Stored data entries
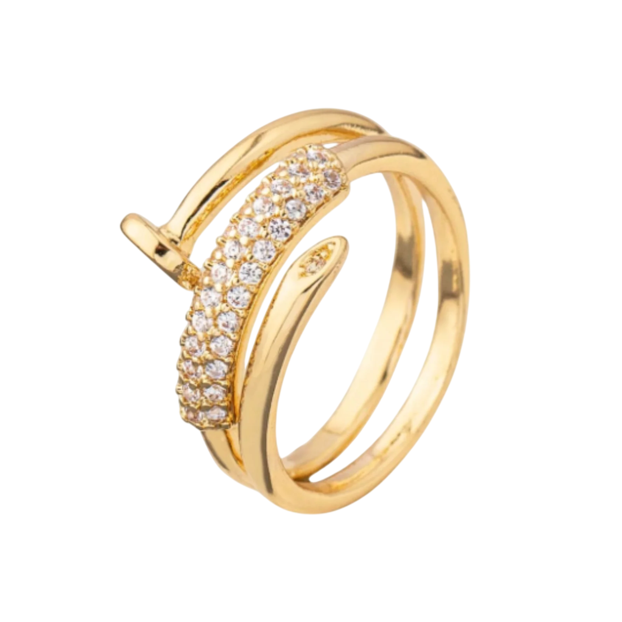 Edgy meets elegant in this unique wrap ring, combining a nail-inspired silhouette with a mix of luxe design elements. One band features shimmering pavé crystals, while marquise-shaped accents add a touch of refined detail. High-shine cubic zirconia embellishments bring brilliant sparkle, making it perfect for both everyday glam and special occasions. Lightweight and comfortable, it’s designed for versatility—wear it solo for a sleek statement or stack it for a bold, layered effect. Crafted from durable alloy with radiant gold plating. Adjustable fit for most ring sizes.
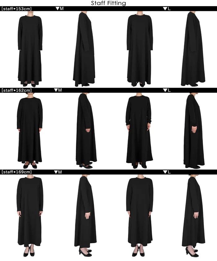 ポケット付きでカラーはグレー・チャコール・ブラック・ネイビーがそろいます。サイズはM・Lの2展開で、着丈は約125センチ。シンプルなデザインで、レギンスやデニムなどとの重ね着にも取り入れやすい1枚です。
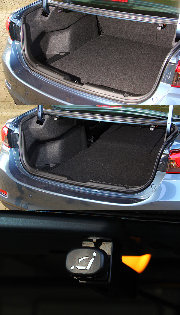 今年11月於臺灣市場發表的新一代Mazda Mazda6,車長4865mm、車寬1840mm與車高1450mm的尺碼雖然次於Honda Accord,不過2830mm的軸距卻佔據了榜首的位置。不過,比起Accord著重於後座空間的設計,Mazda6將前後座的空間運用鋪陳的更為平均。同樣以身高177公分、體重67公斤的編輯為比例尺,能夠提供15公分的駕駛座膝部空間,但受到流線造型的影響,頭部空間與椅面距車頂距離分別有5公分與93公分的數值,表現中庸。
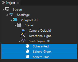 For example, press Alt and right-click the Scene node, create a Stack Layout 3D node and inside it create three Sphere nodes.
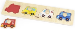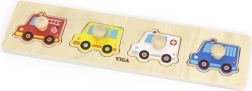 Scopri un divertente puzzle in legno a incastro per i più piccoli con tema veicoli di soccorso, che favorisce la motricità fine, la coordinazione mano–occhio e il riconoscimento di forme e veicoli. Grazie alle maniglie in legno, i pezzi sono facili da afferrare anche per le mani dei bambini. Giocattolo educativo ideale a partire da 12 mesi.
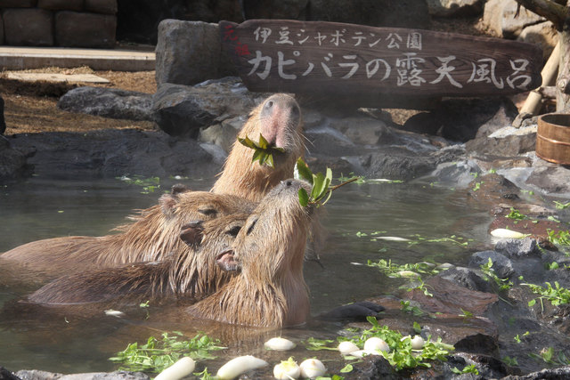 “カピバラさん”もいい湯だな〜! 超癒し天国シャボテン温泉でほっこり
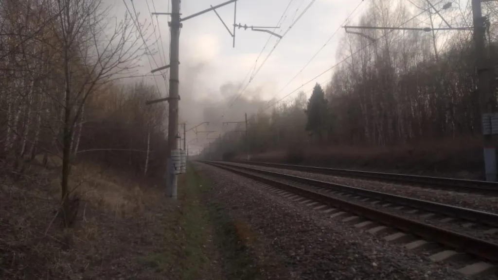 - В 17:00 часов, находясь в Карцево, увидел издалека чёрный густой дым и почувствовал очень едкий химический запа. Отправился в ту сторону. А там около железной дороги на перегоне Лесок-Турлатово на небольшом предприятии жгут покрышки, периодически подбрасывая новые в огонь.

■ Work item
Pictures stay out; the data above is to be returned exactly.

■ Answer to this problem
 Edgy meets elegant in this unique wrap ring, combining a nail-inspired silhouette with a mix of luxe design elements. One band features shimmering pavé crystals, while marquise-shaped accents add a touch of refined detail. High-shine cubic zirconia embellishments bring brilliant sparkle, making it perfect for both everyday glam and special occasions. Lightweight and comfortable, it’s designed for versatility—wear it solo for a sleek statement or stack it for a bold, layered effect. Crafted from durable alloy with radiant gold plating. Adjustable fit for most ring sizes.
 ポケット付きでカラーはグレー・チャコール・ブラック・ネイビーがそろいます。サイズはM・Lの2展開で、着丈は約125センチ。シンプルなデザインで、レギンスやデニムなどとの重ね着にも取り入れやすい1枚です。
 今年11月於臺灣市場發表的新一代Mazda Mazda6,車長4865mm、車寬1840mm與車高1450mm的尺碼雖然次於Honda Accord,不過2830mm的軸距卻佔據了榜首的位置。不過,比起Accord著重於後座空間的設計,Mazda6將前後座的空間運用鋪陳的更為平均。同樣以身高177公分、體重67公斤的編輯為比例尺,能夠提供15公分的駕駛座膝部空間,但受到流線造型的影響,頭部空間與椅面距車頂距離分別有5公分與93公分的數值,表現中庸。
 For example, press Alt and right-click the Scene node, create a Stack Layout 3D node and inside it create three Sphere nodes.
 Scopri un divertente puzzle in legno a incastro per i più piccoli con tema veicoli di soccorso, che favorisce la motricità fine, la coordinazione mano–occhio e il riconoscimento di forme e veicoli. Grazie alle maniglie in legno, i pezzi sono facili da afferrare anche per le mani dei bambini. Giocattolo educativo ideale a partire da 12 mesi.
 “カピバラさん”もいい湯だな〜! 超癒し天国シャボテン温泉でほっこり
 - В 17:00 часов, находясь в Карцево, увидел издалека чёрный густой дым и почувствовал очень едкий химический запа. Отправился в ту сторону. А там около железной дороги на перегоне Лесок-Турлатово на небольшом предприятии жгут покрышки, периодически подбрасывая новые в огонь.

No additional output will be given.